WHAT THE TASK REQUIRES
Repeat only the lines below that run from the line with "3 Bouteilles Champagne" to the line with "- La rimozione", ends included; skip every picture.

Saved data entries
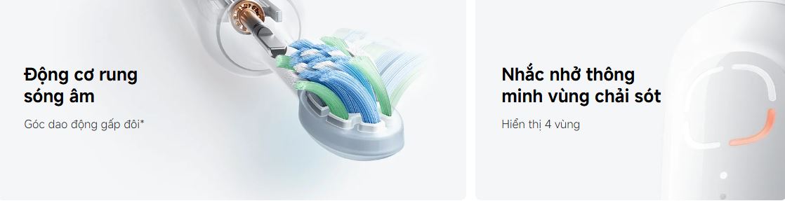 Bàn chải sử dụng chuyển động rung kết hợp xoay, giúp đầu bàn chải tiếp cận tốt từng kẽ răng, loại bỏ mảng bám và cặn thức ăn hiệu quả hơn, hỗ trợ bảo vệ men răng và nướu.
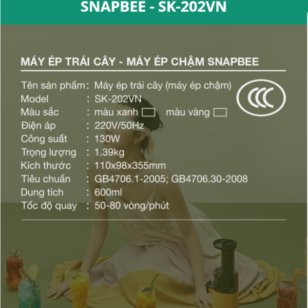 Máy ép chậm SnapBee SK-202VN được thiết kế với 2 tông màu xu hướng hiện đại, kiểu dáng cao cấp hướng đến sự tiện lợi nhất khi sử dụng. (Sản phẩm máy ép chậm SnapBee đạt tiêu chuẩn quốc gia và xuất khẩu đi các nước Đức, Anh, Hàn Quốc )
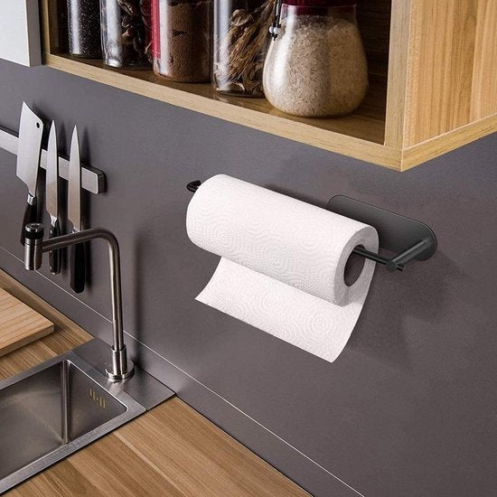 Roestvrijstalen Zelfklevende Keukenrolhouder - Zwart
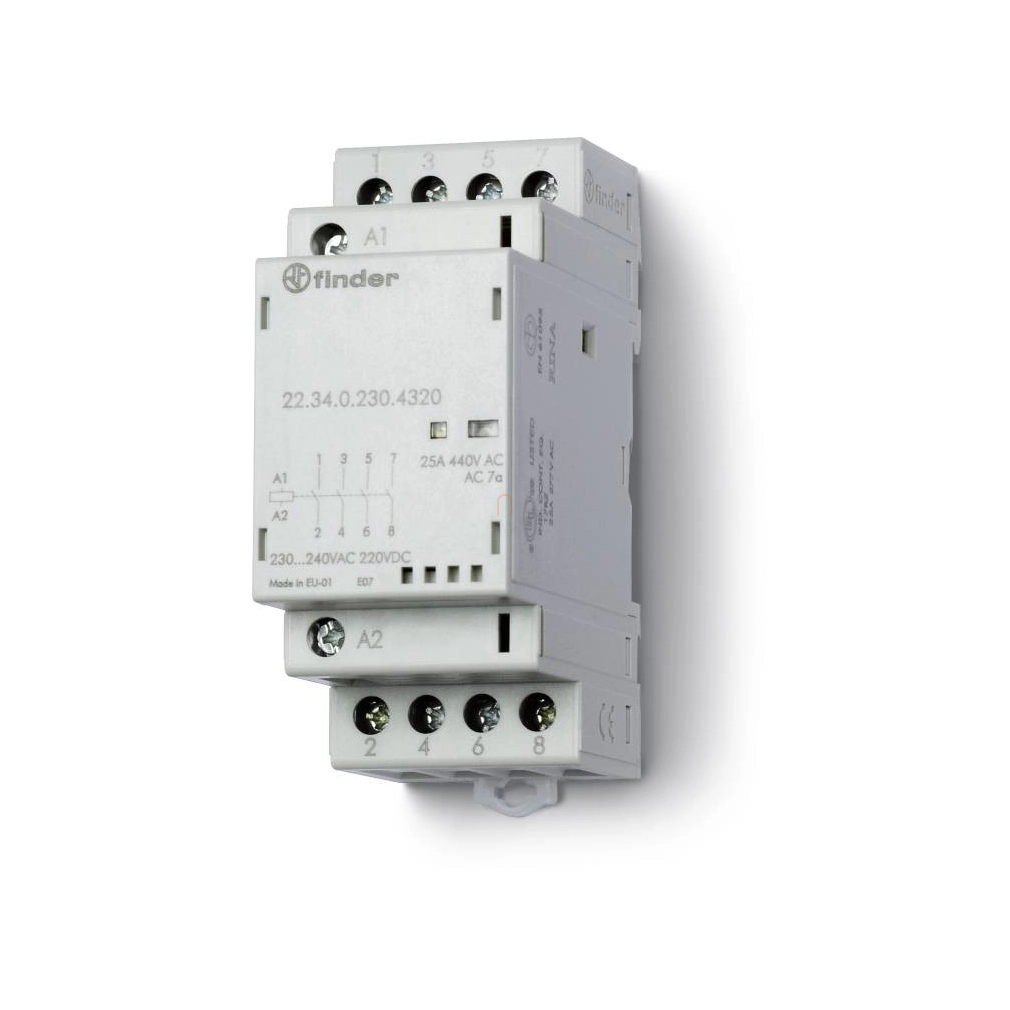 FINDER 22.34.0.230.4720 Installációs mágneskapcsoló, kontaktor, 25A (AC-7a), 3NO+1NC, 230V AC/DC, mechanikus állapotjelzés + LED
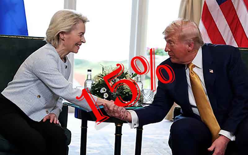 যুক্তরাষ্ট্র ও ইউরোপীয় ইউনিয়নের (ইইউ) মধ্যে বহুল প্রতীক্ষিত বাণিজ্য চুক্তির একটি কাঠামোতে অবশেষে সমঝোতা হয়েছে, যা বিগত কয়েক মাস ধরে চলা অচলাবস্থার অবসান ঘটিয়েছে। স্কটল্যান্ডের সাউথ আয়ারশায়ারে যুক্তরাষ্ট্রের সাবেক প্রেসিডেন্ট ডোনাল্ড ট্রাম্প এবং ইউরোপীয় কমিশনের প্রেসিডেন্ট উরসুলা ভন ডার লায়েনের মধ্যে অনুষ্ঠিত বৈঠকের পর রোববার (স্থানীয় সময়) এই চুক্তির ঘোষণা আসে।
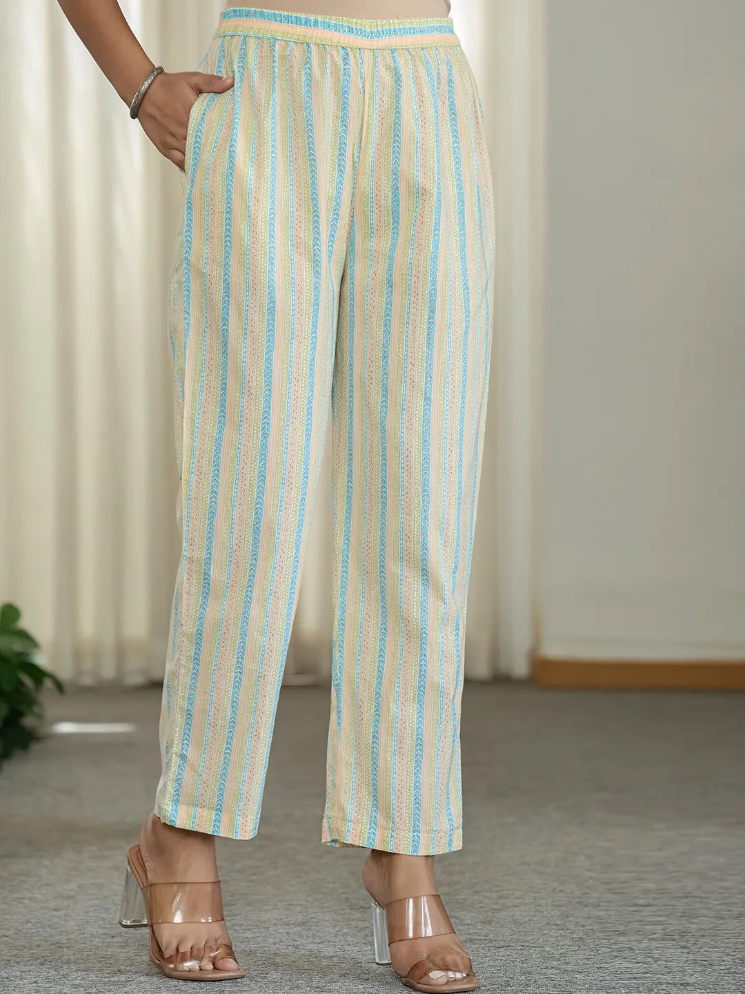 Blue Floral Straight kurta Trouser Dupatta Set Kurta Design Pattern Coverage Yoke or Border Straight Shape Three quarter sleeve(Regular Sleeves) V-Neck Calf Length Kurta Straight Hem Machine Weave Cotton Trouser Design:One pocket Pure Cotton Trouser Slip-On Waist Size & Fit Material & Care Pure Cotton Dry Clean
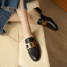 ZGR网红马衔扣拖鞋单鞋平底懒人鞋包头半拖鞋女外穿穆勒鞋女 黑色 39
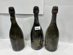 3 Bouteilles Champagne Dom Perignon, étiquettes abimées.
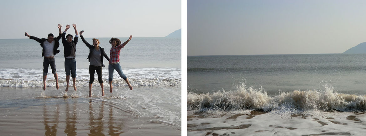 欣賞完美輪美奐的沙雕,我們來到了海邊。沙雕城對面就是一片蔚藍的汪洋大海。十一月的海邊雖然有點冰涼,但也不能阻止我們看到寬闊大海激動的心情。我們迎著海風奔跑,放飛翅膀,放飛夢想,感受海天交接的壯觀。今天的行程可以用一句話來描述:魅力舟山,快樂朱家尖島;舟山朱家尖島,歡樂沙雕城。
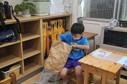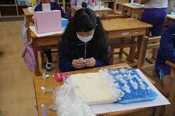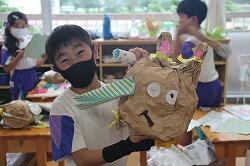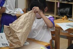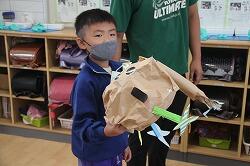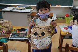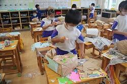 図工は「くしゃくしゃぎゅ」を学習しています。紙の感触を味わい、そこから作品を制作します。新聞紙を丸めたり、新聞紙を入れる袋を折ったりして、作品制作に取り組みました。
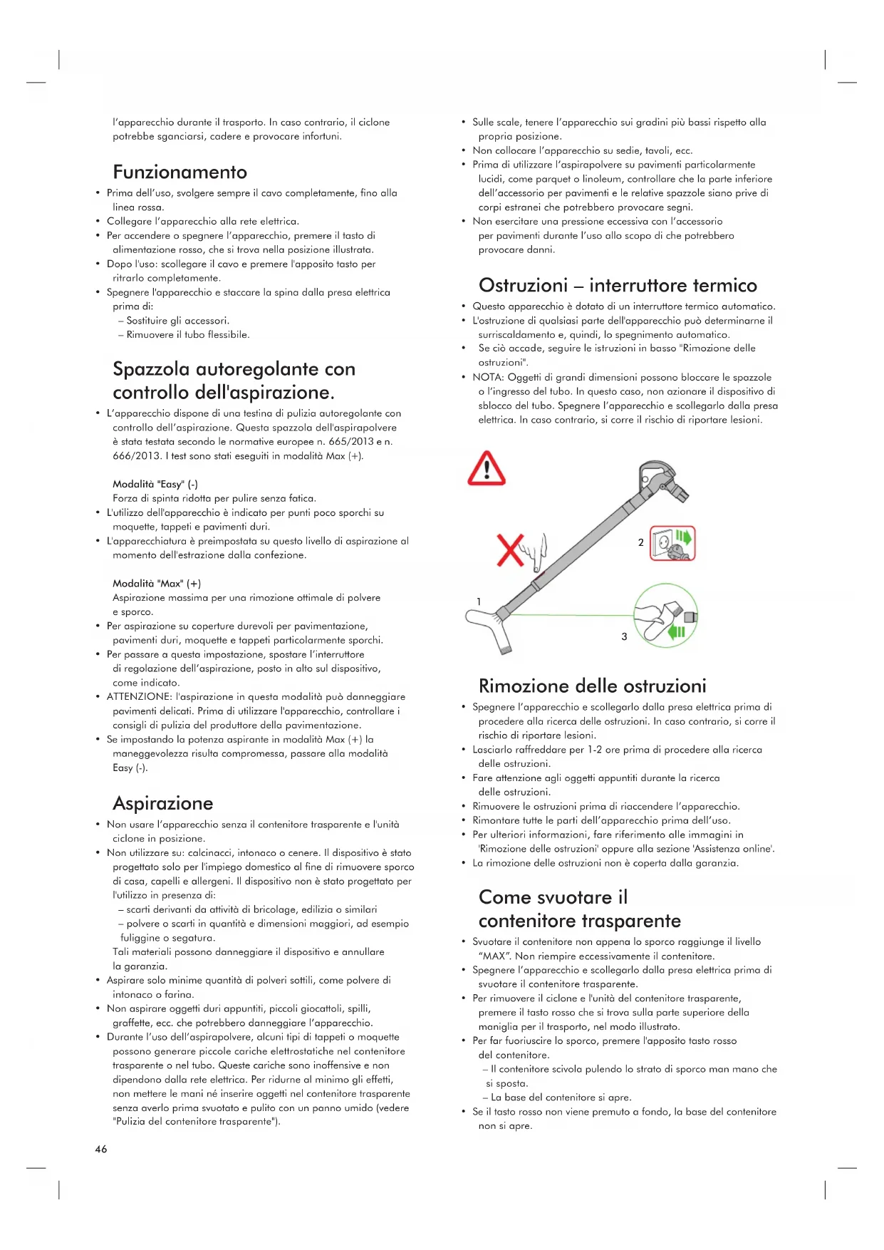 - La rimozione delle ostruzioni non è coperta dalla garanzia. Come svuotare il contenitore trasparente
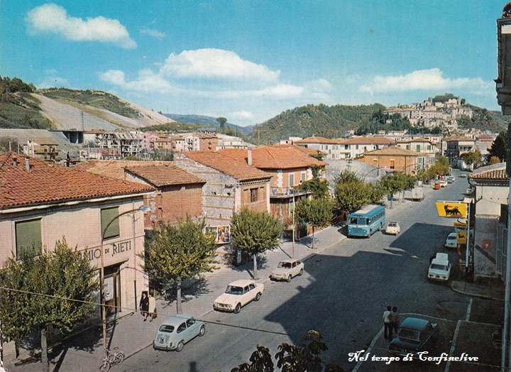nella foto sottostante invece correva l’anno 1968…. ed al fianco della Cassa di Risparmio di Rieti (ove ha sede l’attuale Antho Bistrot), c’era il cinema Valeria di proprietà della famiglia Gucci di Tagliacozzo.
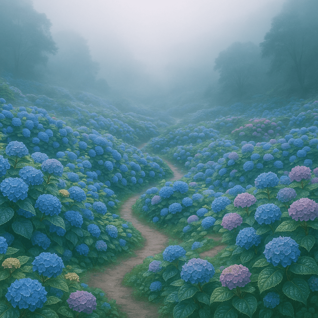 - ⭐ 추천 포인트: 아침 안개 속 몽환적인 수국 풍경 🌫️
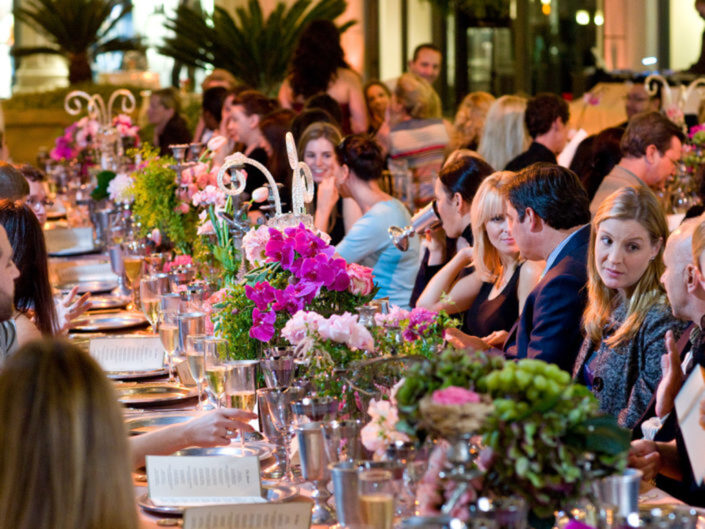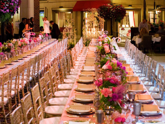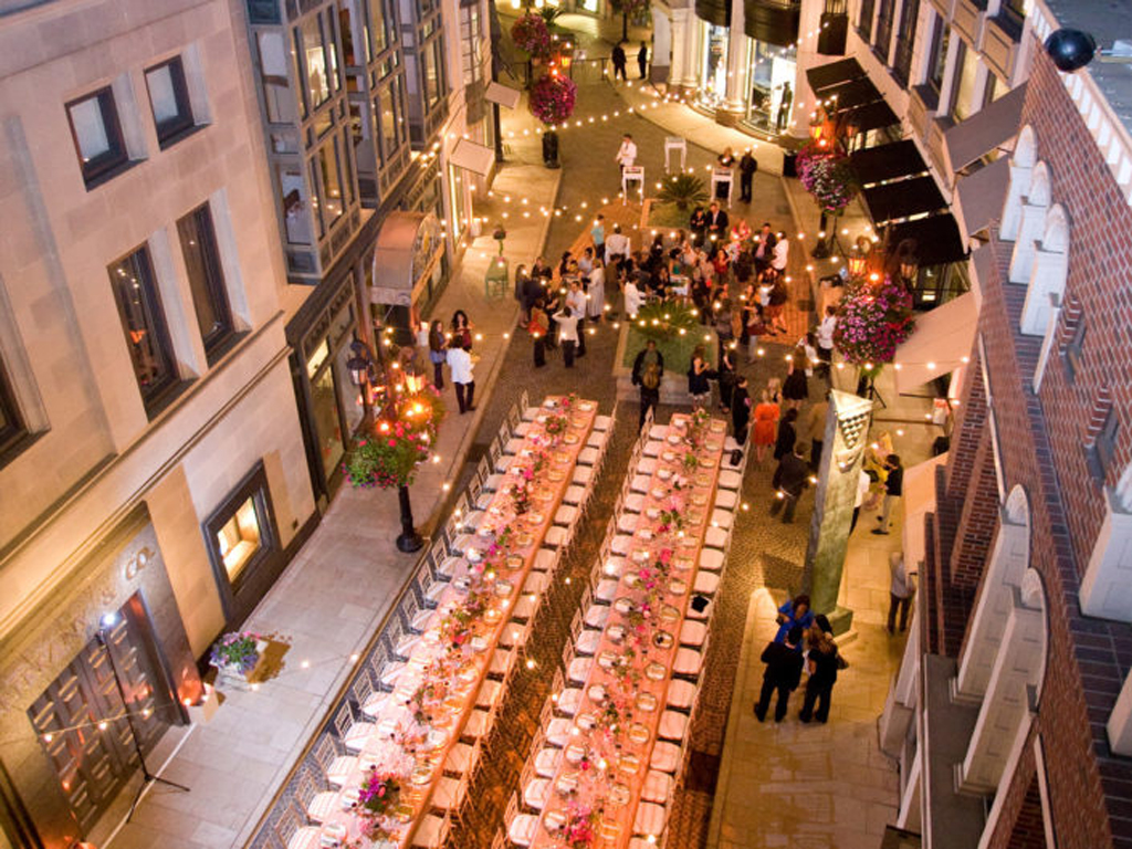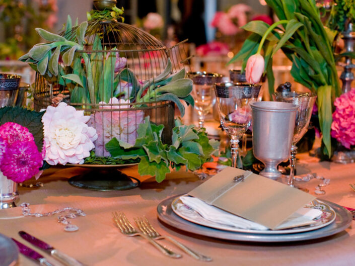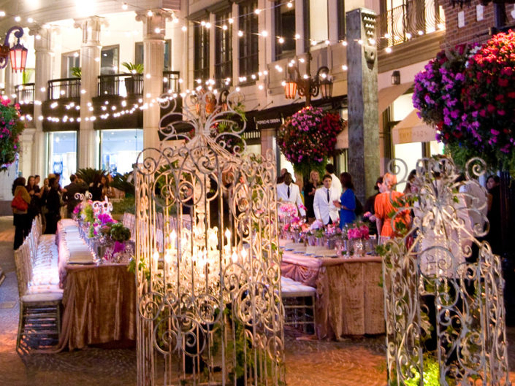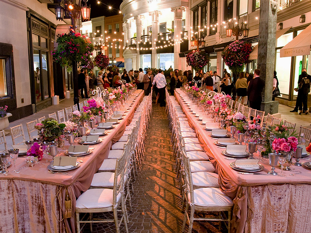 Step into the heart of France – without leaving Beverly Hills. For this intimate tastemaker evening, guests were treated to a nine-course French culinary journey set along the cobblestone street of the iconic Two Rodeo, home to designer boutiques like Versace, Jimmy Choo, Tiffany & Co., and Lanvin. Twin tables stretched down the street beneath a canopy of bistro string lights, creating a warm, romantic glow. The tablescapes were layered with vintage elegance: bustled linens draped in luxe tassels, stacked antique china, pewter goblets and chargers, and hemstitch napkins topped with ornate menus and antique brooches. Lush garden florals wove their way through silver candelabras, birdcages, and fallen crystal chandeliers for a look that felt effortlessly whimsical and opulent. A DJ spun smooth French hip-hop, elevating the ambiance and transporting guests to a countryside fête in Provence … right in the heart of Beverly Hills.
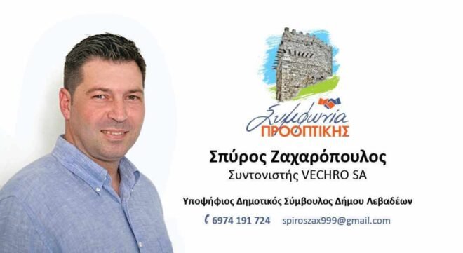 Ονομάζομαι Σπύρος Ζαχαρόπουλος και επέλεξα να είμαι υποψήφιος δημοτικός σύμβουλος Λεβαδεων με τον συνδυασμό «Συμφωνία Προοπτικής» με υποψήφιο Δήμαρχο, τον νυν Δήμαρχο Λεβαδέων, Γιάννη Ταγκαλέγκα.
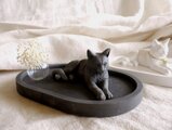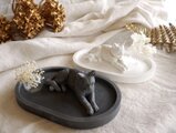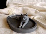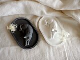 猫を乗せるのにぴったりサイズの楕円形トレー。こちらもおなじくアロマストーン製で裏面にゴム製シールをつけているので、置く場所に傷がつかず滑り止めになります。
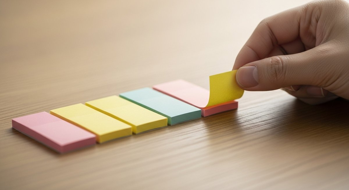 毎日使う付箋は、ちょっとした習慣で扱いやすくなります。剥がすときは必ず横方向を意識し、端を丁寧につまんでゆっくり引くことを基本にしてください。小さいものや本に貼ったものは補助道具を使うと失敗が減ります。
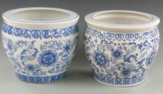Two Chinese blue and white jardinieres, 38cm in diameter
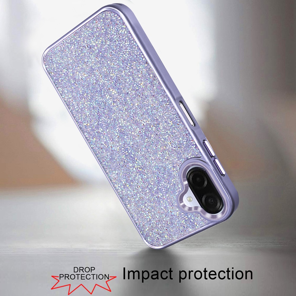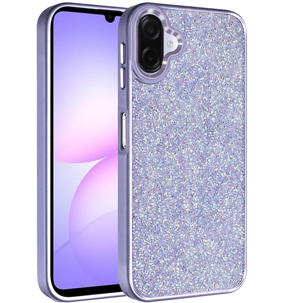 For Samsung Galaxy A07 Crystal Glass Diamond with Metallic Buttons and Edges Hybrid Case - Dark Purple
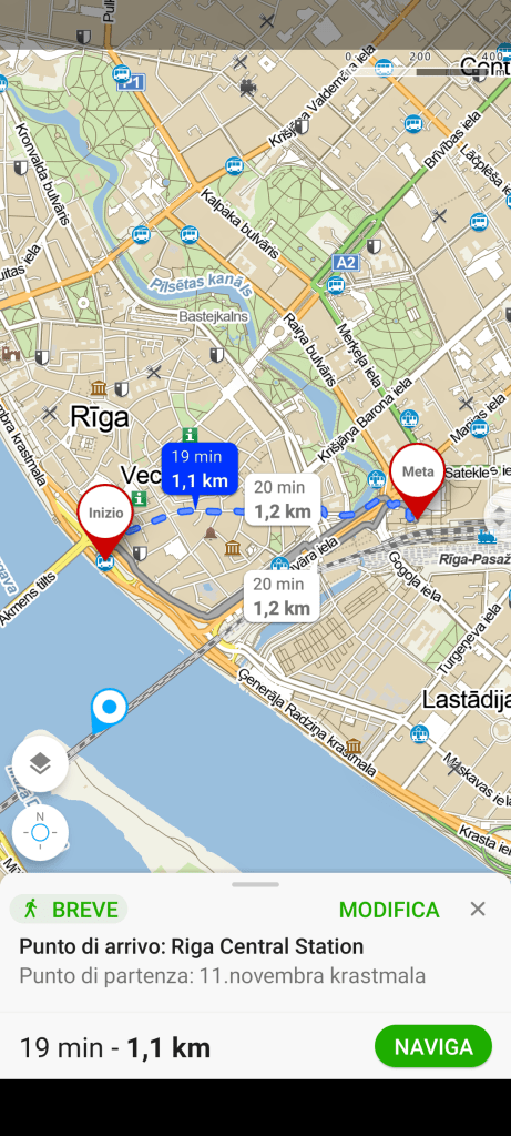 Nota: grazie alla sua posizione centrale, molti mezzi di trasporto pubblici si fermano proprio davanti alla Central Station (Rigas centrala dzelzcela stacija)
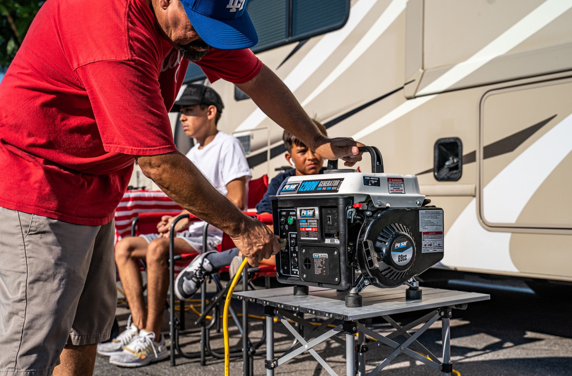 Introducing the Pulsar PG1202SA 1200-watt portable generator, designed for small-scale DIY projects, hunting, and camping applications where portable power is necessary. With its lightweight and compact design, this generator can easily be transported in a truck bed or trunk of a vehicle, making it a convenient option for tailgating events or camping trips. Featuring a recoil start, this generator comes equipped with two 120V outlets and one 12V DC outlet, providing ultimate convenience and portability. The PG1202SA generator boasts 1200 peak watts and 900 running watts, with a peak amperage of 8.3A. Equipped with a 69cc, 2HP 2-stroke engine, this generator utilizes a gasoline to oil ratio of 30:1 for efficient and reliable performance. With a 1-gallon fuel tank, this generator can run for up to 5 hours at 50% load. The Pulsar PG1202SA’s compact 35lbs design with carrying handle allows for easy transportation, while the included trickle charge DC cable provides the added convenience of 12V battery charging. Backed by a one-year warranty, this generator is the perfect solution for light duty on-the-go power.

RESULT FOR THIS EXERCISE
 3 Bouteilles Champagne Dom Perignon, étiquettes abimées.
 欣賞完美輪美奐的沙雕,我們來到了海邊。沙雕城對面就是一片蔚藍的汪洋大海。十一月的海邊雖然有點冰涼,但也不能阻止我們看到寬闊大海激動的心情。我們迎著海風奔跑,放飛翅膀,放飛夢想,感受海天交接的壯觀。今天的行程可以用一句話來描述:魅力舟山,快樂朱家尖島;舟山朱家尖島,歡樂沙雕城。
 図工は「くしゃくしゃぎゅ」を学習しています。紙の感触を味わい、そこから作品を制作します。新聞紙を丸めたり、新聞紙を入れる袋を折ったりして、作品制作に取り組みました。
 - La rimozione delle ostruzioni non è coperta dalla garanzia. Come svuotare il contenitore trasparente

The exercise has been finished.